Sensors (Basel). 2022 Sep 30;22(19):7435. doi: 10.3390/s22197435.
6
Imtidad: A Reference Architecture and a Case Study on Developing Distributed AI Services for Skin Disease Diagnosis over Cloud, Fog and Edge.Imtidad:用于在云、雾和边缘上开发皮肤病诊断分布式 AI 服务的参考架构和案例研究。
Sensors (Basel). 2022 Feb 26;22(5):1854. doi: 10.3390/s22051854.
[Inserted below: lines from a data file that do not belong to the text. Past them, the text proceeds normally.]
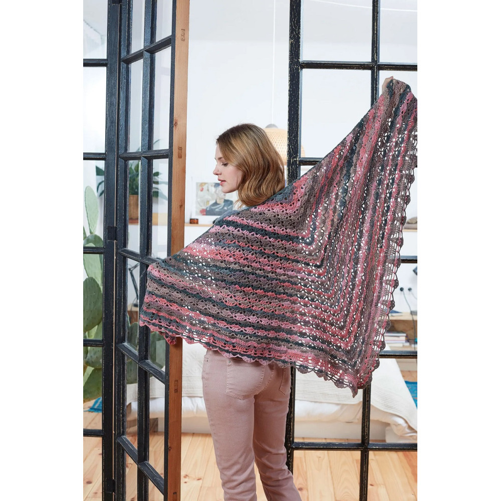 Vícebarevná kvalitní příze v nádherných živých barevných kombinacích (vytváří proužky v plynulých barevných přechodech) na háčkování a pletení příjemného měkkého oblečení, barevných šátků a jiných doplňků pro celou rodinu.
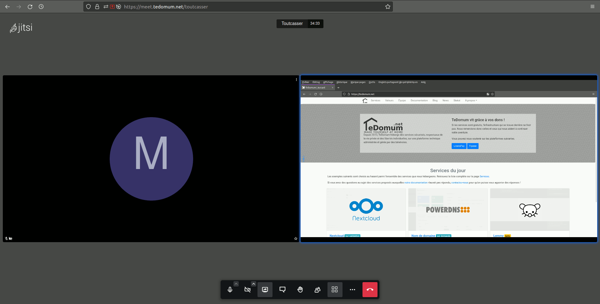 Le flux vidéo transmis sera celui de l’écran ou de la fenêtre, avec une incrustation en coin bas-droite de votre webcam, si elle est allumée. Exemple ci-dessous avec le partage du site TeDomum :
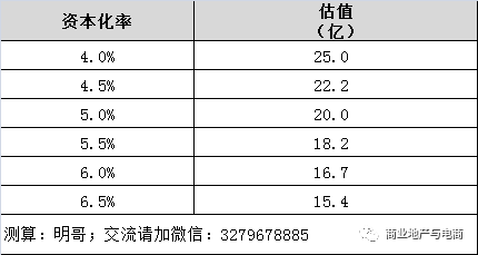 資本化率取值是估值的關鍵參數:資本化率越低,商業地產估值越高。
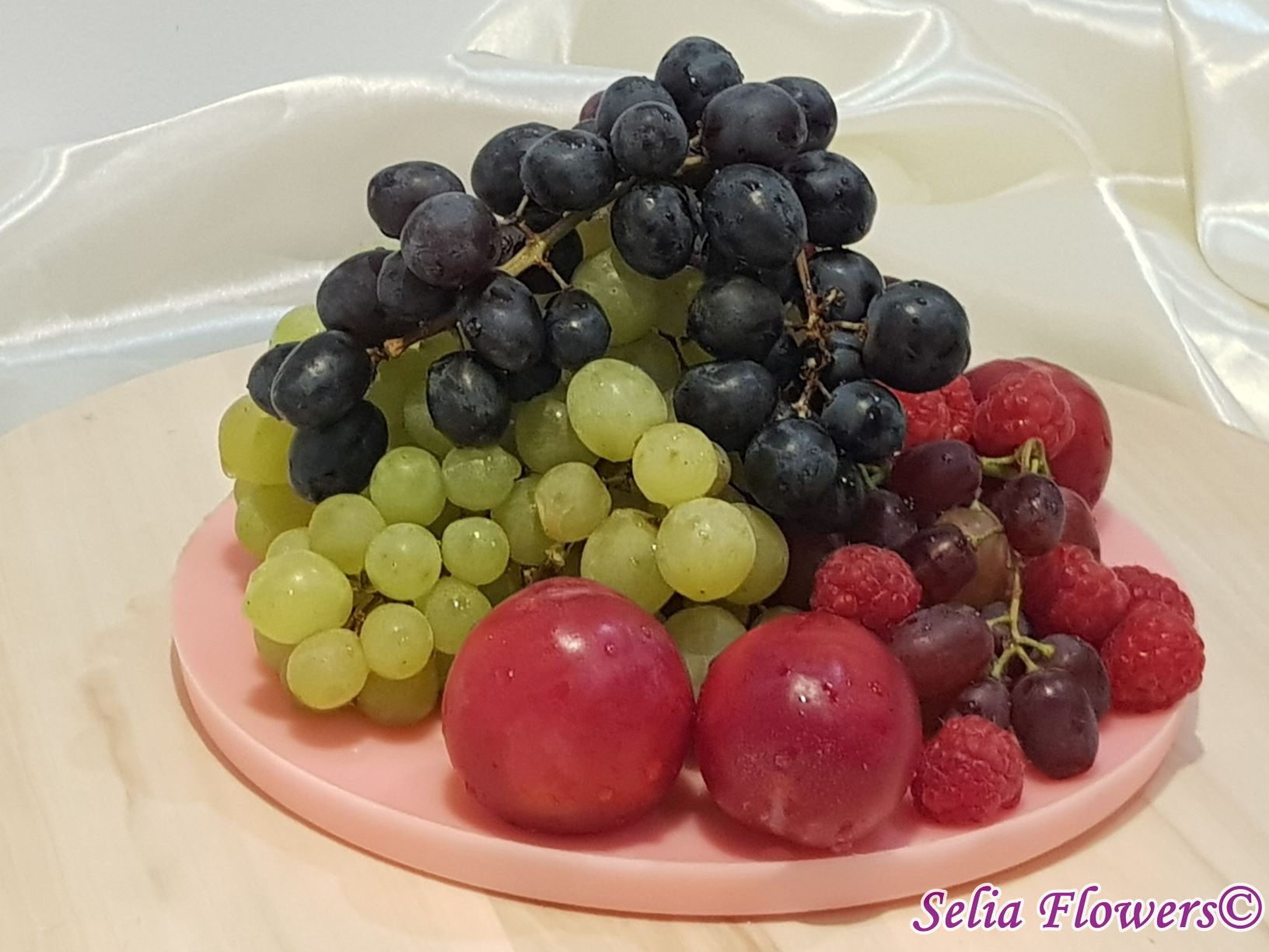 Diametrul platoului este de 22-23 cm și este un produs handmade realizat în atelierul floral Selia Flowers. Culoarea platoului se poate schimba în funcție de preferințele cromatice.

分布式人工智能即服务 (DAIaaS) 助力更智能的物联网和 6G 环境。
Sensors (Basel). 2020 Oct 13;20(20):5796. doi: 10.3390/s20205796.
4
Smarter Traffic Prediction Using Big Data, In-Memory Computing, Deep Learning and GPUs.利用大数据、内存计算、深度学习和图形处理器实现更智能的交通预测。
Sensors (Basel). 2019 May 13;19(9):2206. doi: 10.3390/s19092206.
5
Traffic Congestion Detection System through Connected Vehicles and Big Data.基于联网车辆和大数据的交通拥堵检测系统
Sensors (Basel). 2016 Apr 28;16(5):599. doi: 10.3390/s16050599.
6
Use of the 'ex vivo' test to study long-term bacterial survival on human skin and their sensitivity to antisepsis.使用“体外”试验研究细菌在人体皮肤上的长期存活情况及其对抗菌处理的敏感性。
J Appl Microbiol. 2004;97(6):1149-60. doi: 10.1111/j.1365-2672.2004.02403.x.